Exercise directions
Please set down exactly the lines from the one that contains "小(3画)野(11画)塚(13画) 美(9画)智(12画)恵(12画)" through the end of the material, leaving out every picture.

Supplied material

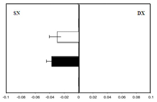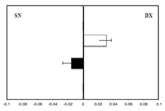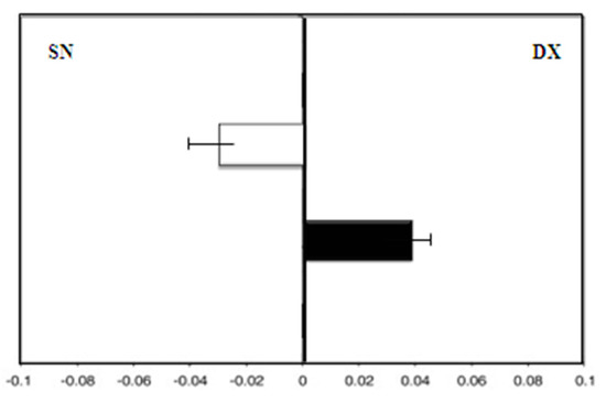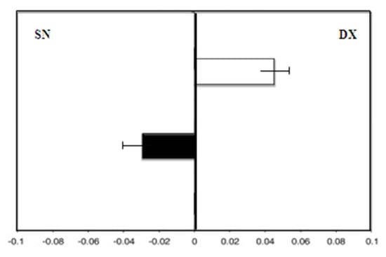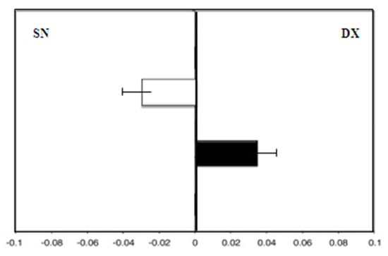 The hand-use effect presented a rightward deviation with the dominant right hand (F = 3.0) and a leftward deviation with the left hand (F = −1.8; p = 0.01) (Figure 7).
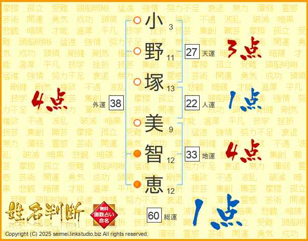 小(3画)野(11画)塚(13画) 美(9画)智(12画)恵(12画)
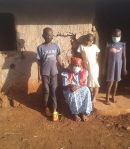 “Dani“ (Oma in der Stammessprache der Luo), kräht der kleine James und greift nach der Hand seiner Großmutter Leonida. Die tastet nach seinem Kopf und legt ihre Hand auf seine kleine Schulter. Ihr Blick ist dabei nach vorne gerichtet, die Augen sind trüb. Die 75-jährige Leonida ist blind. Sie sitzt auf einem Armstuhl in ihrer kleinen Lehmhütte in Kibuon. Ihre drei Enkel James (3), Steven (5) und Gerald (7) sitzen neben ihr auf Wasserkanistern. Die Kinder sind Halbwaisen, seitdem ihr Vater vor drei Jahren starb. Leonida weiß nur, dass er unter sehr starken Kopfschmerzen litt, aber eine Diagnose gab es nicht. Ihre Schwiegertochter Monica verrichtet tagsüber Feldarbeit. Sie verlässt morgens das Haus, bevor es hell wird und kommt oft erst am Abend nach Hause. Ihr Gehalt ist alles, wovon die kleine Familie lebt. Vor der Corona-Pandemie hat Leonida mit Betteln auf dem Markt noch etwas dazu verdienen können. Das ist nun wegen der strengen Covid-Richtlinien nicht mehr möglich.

Final answer
 小(3画)野(11画)塚(13画) 美(9画)智(12画)恵(12画)
 “Dani“ (Oma in der Stammessprache der Luo), kräht der kleine James und greift nach der Hand seiner Großmutter Leonida. Die tastet nach seinem Kopf und legt ihre Hand auf seine kleine Schulter. Ihr Blick ist dabei nach vorne gerichtet, die Augen sind trüb. Die 75-jährige Leonida ist blind. Sie sitzt auf einem Armstuhl in ihrer kleinen Lehmhütte in Kibuon. Ihre drei Enkel James (3), Steven (5) und Gerald (7) sitzen neben ihr auf Wasserkanistern. Die Kinder sind Halbwaisen, seitdem ihr Vater vor drei Jahren starb. Leonida weiß nur, dass er unter sehr starken Kopfschmerzen litt, aber eine Diagnose gab es nicht. Ihre Schwiegertochter Monica verrichtet tagsüber Feldarbeit. Sie verlässt morgens das Haus, bevor es hell wird und kommt oft erst am Abend nach Hause. Ihr Gehalt ist alles, wovon die kleine Familie lebt. Vor der Corona-Pandemie hat Leonida mit Betteln auf dem Markt noch etwas dazu verdienen können. Das ist nun wegen der strengen Covid-Richtlinien nicht mehr möglich.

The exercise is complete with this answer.